Wal-Mart’s business model of “everyday low prices” is dependent upon eliminating the inefficiencies from the entire supply chain, it must consistently offer the very best price on every product it sells, and the only way to do that effectively is to relentlessly cut costs. Vendors that can make themselves efficient enough to supply the system are rewarded with vastly higher volumes, but you can’t make up a loss on volume. In the world of Wal-Mart, only the most efficient vendors survive, and they do so on razor-thin margins.
Becoming a Wal-Mart vendor is a matter of choice. If a company can not become efficient enough to compete head-to-head with the most efficient vendors in the market, it shouldn’t agree to supply Wal-Mart. Period. “Wal-Mart or nothing”, however, is a false proposition. If you don’t like their low-price strategy, pick another one.
In the same vein, becoming a Wal-Mart employee is a choice. There are a lot of other companies that pay ~$8.50/hr if that’s the economic value of your skills. Stocking shelves is not a skill that is difficult to acquire, nor is there a shortage of people in the world willing to do it. Don't expect Wal-Mart to pay more for anything than it's worth, including labor.
Continuing to purchase products at Wal-Mart is also choice. If you don’t like the company, for whatever reason, don’t shop there. You vote with your dollars.

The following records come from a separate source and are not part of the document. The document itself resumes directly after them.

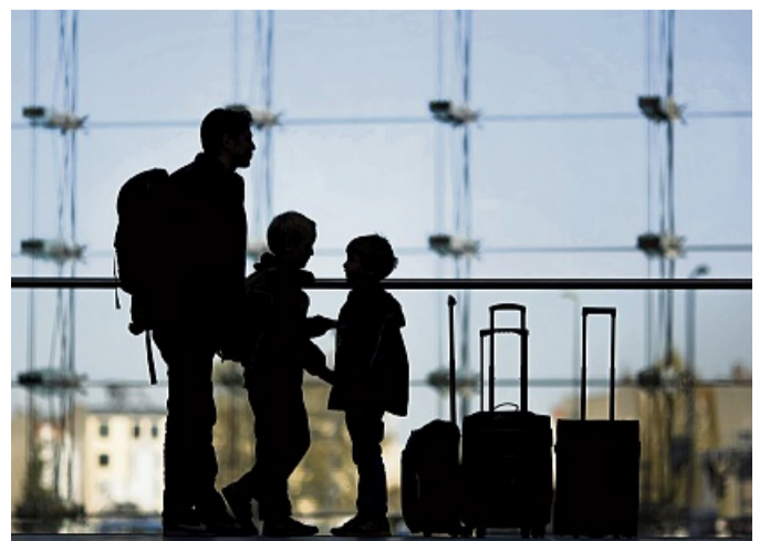
Anspruch auf Kindergeld? Den haben unter bestimmten Voraussetzungen auch im Ausland lebende Deutsche.

Deutsche, die im Ausland wohnen und arbeiten, haben für ihren Nachwuchs unter bestimmten Voraussetzungen Anspruch auf Kindergeld. Darauf weist Irmgard Pirkel von der Zentrale der Bundesagentur für Arbeit in Nürnberg hin. Demnach muss der Elternteil, der den Anspruch geltend macht, in Deutschland unbeschränkt einkommensteuerpflichtig sein - oder auf Antrag als unbeschränkt einkommensteuerpflichtig behandelt werden. Unbeschränkt einkommensteuerpflichtig sind beispielsweise entsandte deutsche Staatsangehörige, die als Beamte, Richterinnen oder Soldaten im Ausland arbeiten und wohnen. Anspruch auf Kindergeld kann zwar auch ein Elternteil geltend machen, der in Deutschland nicht unbeschränkt steuerpflichtig ist. Diese Person muss aber laut Pirkel in einem Versicherungsverhältnis zur Bundesagentur für Arbeit stehen oder zum Beispiel als Entwicklungshelferin oder als Missionarin oder Missionar tätig sein.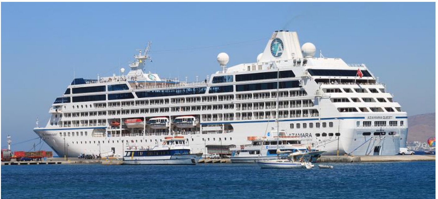
AZAMARA QUEST, ex R SEVEN

De Royal Caribbean Group heeft Azamara Club Cruises voor 201M USD verkocht aan Sycamore Partners. Dit betreft drie cruiseschepen, AZAMARA JOURNEY (2000-R SIX, 2005-BLUE DREAM, 2007-AZAMARA JOURNEY, 30.277 GT, 9200940), AZAMARA PURSUIT (2001-R EIGHT, 2003-MINERVA II, 2007-ROYAL PRINCESS, 2011-ADONIA, 2018-AZAMARA PURSUIT, 30.277 GT, 9210220) en AZAMARA QUEST (2000-R SEVEN, 2003-DELPHIN RENAISSANCE, 2006-BLUE MOON, 2007-AZAMARA QUEST, 30.277 GT, 9210218) en het intellectuele eigendom van Azamara.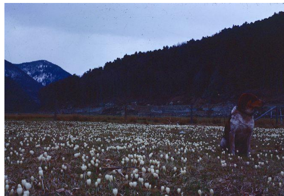
Crocus vernus à Wildenstein (Haut-Rhin) vers 1962.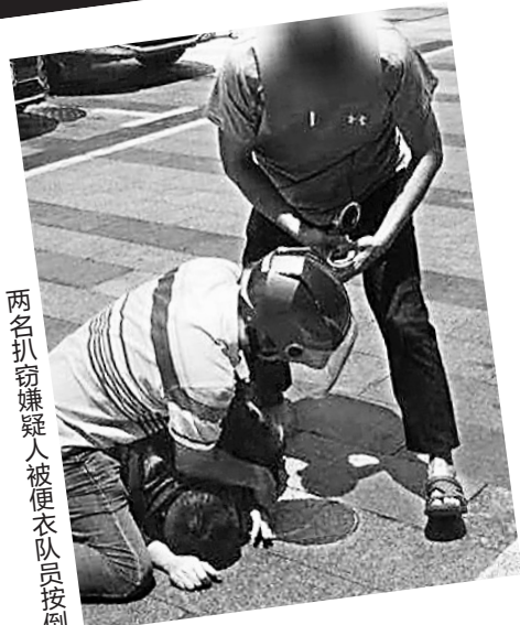
两名扒窃嫌疑人被便衣队员按倒

Wal-Mart has gained its economic power due to massive productivity and efficiency gains developed by employees who chose to work there, selling products produced by vendors who chose to supply them, sold to consumers who chose to buy them. It’s a choice-driven model.
I understand the unease of dealing with such a large economic force. The complexity of the issue is immense, and it's easy to see aspects of the company that don't point to utopia. But it is unjust to imply that a company is a threat to the community simply because it does not coincide with your ideals of human and societal development, whatever they may be. It appears that Wal-Mart's economic clout is a matter of justice, the justice of the aggregation of free and voluntary choices of consumer, vendor, and employee that we commonly call the free market.
Prove Wal-Mart used force or fraud against any individual (consumer, vendor, or employee), and you have a limited case. (Which can be settled in a court of law.) Otherwise, you have no defensible reason to call foul.